Я тоже стал прислушиваться.

— Никого нет… — сказал я. — Это тебе только кажется…

— Отчего, Эдгард, мне сегодня… с самого утра, кажется… что кто-то должен придти… именно сегодня?..

И действительно, с самого раннего утра, как встала, она несколько раз подходила к окнам, выходила на балкон и усиленно вглядывалась в даль, на Canallo Grande.

— Эдгард! — говорила она, — скажи мне… иногда тебе не кажется, что должно что-нибудь свершиться… особенное… Никогда не бывает этого с тобой?.. Нет?

— Никогда не бывает… Просто у тебя нервы возбуждены и дрожат.

— Но отчего же… скажи мне… они вчера… и третьего дня не дрожали?.. И я ничего не чувствовала?.. А сегодня дрожат… — И она как-то нетерпеливо обдергивала кружева и блонды ее легкого платья.

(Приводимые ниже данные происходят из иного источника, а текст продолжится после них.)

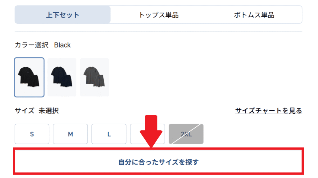 公式サイトの「自分に合ったサイズを探す」を確認する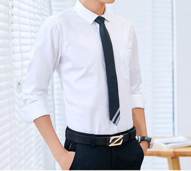 最后一種那就是針織面料的襯衫,這類襯衫最大的特色是其面料的質(zhì)感,有彈性,顏色一般較素雅,黑白灰色居多,可以用與襯衫匹配的深色底條紋領(lǐng)帶進行搭配。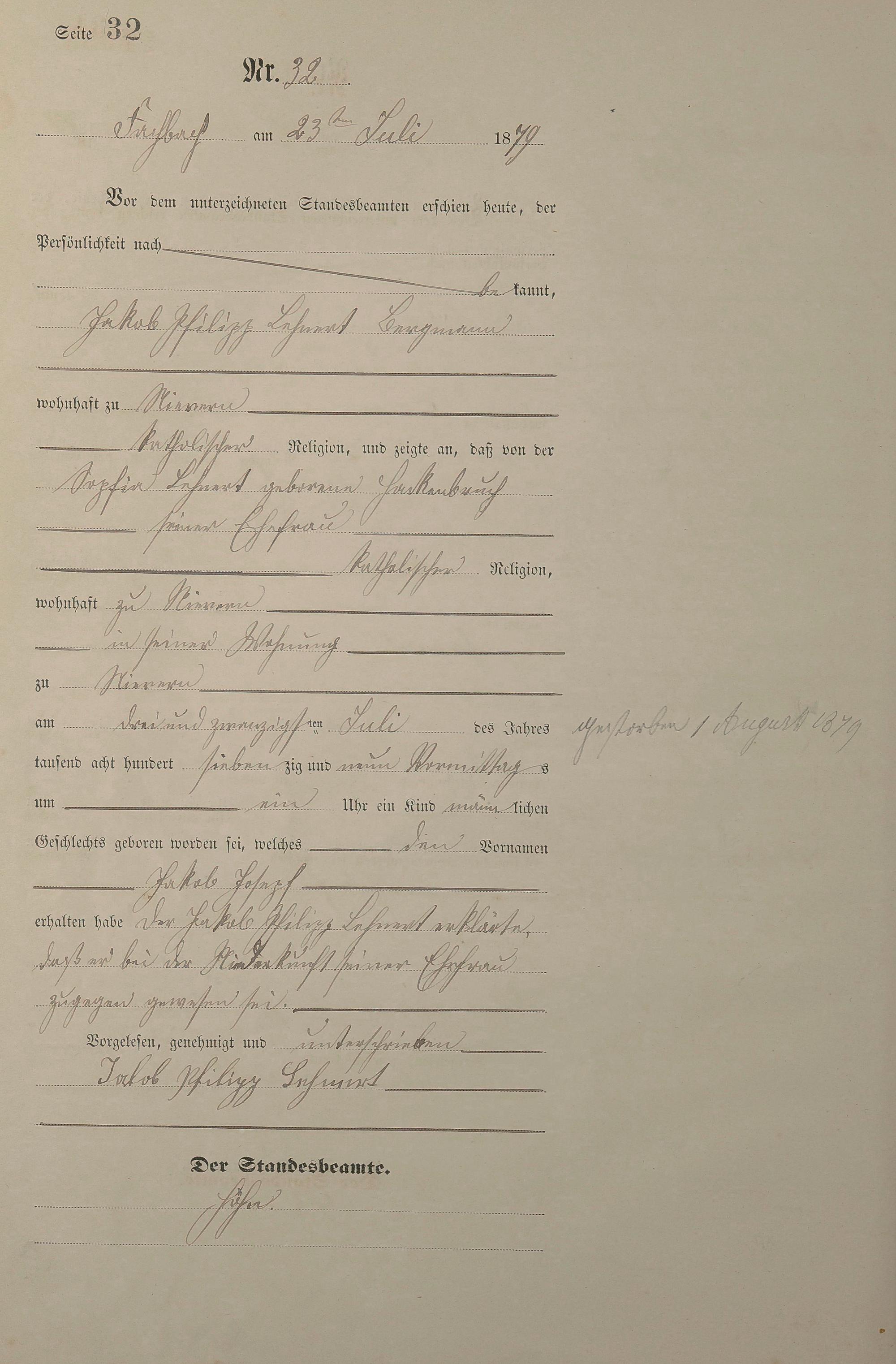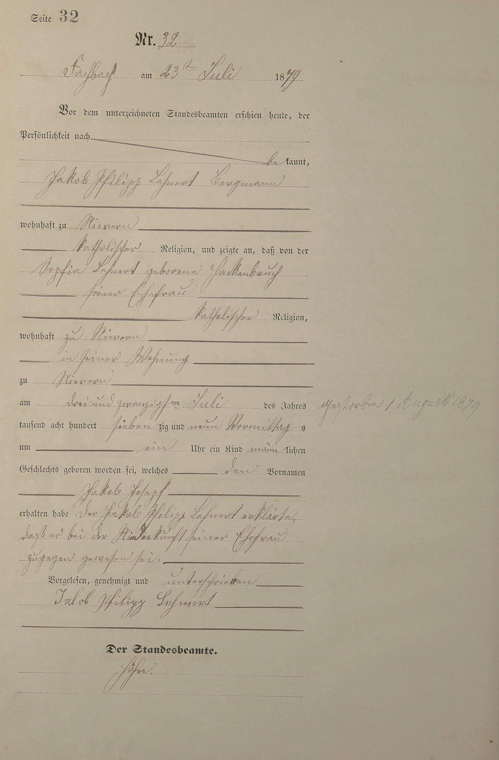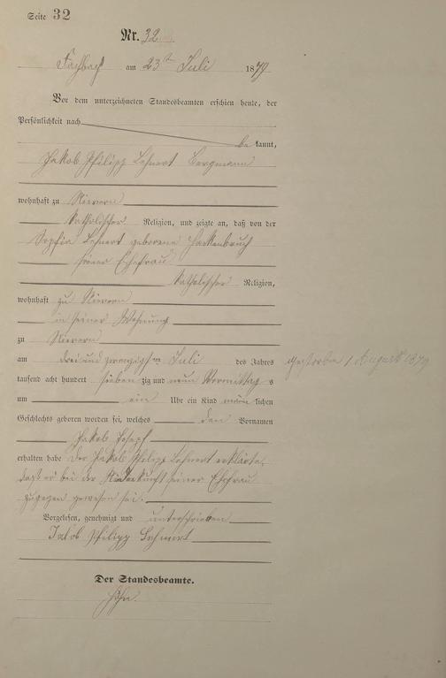 Geburtsregister 1879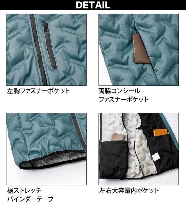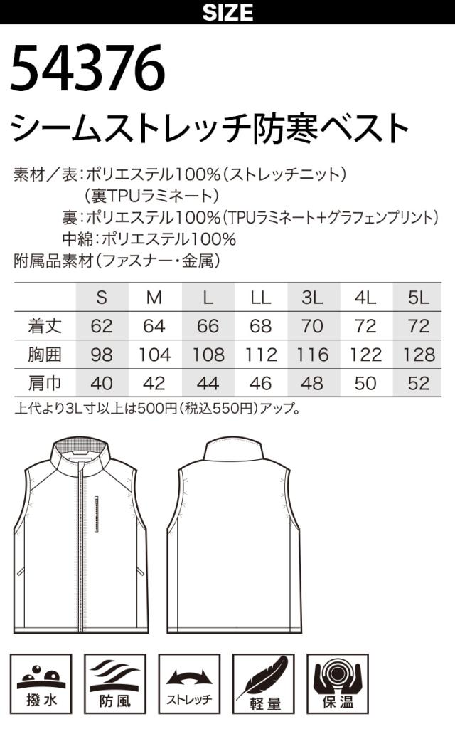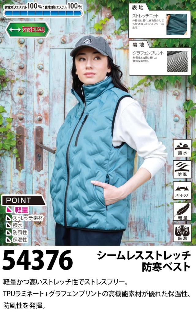 クロダルマ 54376 シームレスストレッチ防寒ベスト 秋冬軽防寒ベスト 軽量 ストレッチ 撥水 防風 保温 裏地蓄熱保温生地 作業服 作業着 アウトドア 防寒インナー

Несколько раз расстегивала лиф или распускала легкий, ажурный галстучек на ее шее, — точно все это давило ее.

Я предложил ей сейчас, после завтрака, проехаться в гондоле, и она с радостью согласилась, даже слегка оживилась.

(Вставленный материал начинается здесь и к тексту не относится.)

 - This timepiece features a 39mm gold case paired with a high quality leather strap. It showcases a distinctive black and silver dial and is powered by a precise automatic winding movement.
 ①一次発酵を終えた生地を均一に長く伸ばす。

Позавтракав, мы отправились и почти целое утро ездили с ней по каналам и далеко выехали в море. Оно было совершенно покойно, и вся Венеция отражалась в нем, как в зеркале.

Под конец прогулки Джулия совсем утомилась и уснула у меня на коленях. Мы вернулись домой. Я внес ее в гостиницу и уложил на диван. Она не проснулась. Дыхание ее было ровно, покойно. На щеках то вспыхивал, то погасал яркий румянец. Я не будил ее.

Она проспала до самого обеда. Я прошелся по немногим улицам и по площади св. Марка. Мне было жаль потерять Джулию, но в глубине сердца я был доволен и не столько за себя, как за нее, за эту исстрадавшуюся натуру.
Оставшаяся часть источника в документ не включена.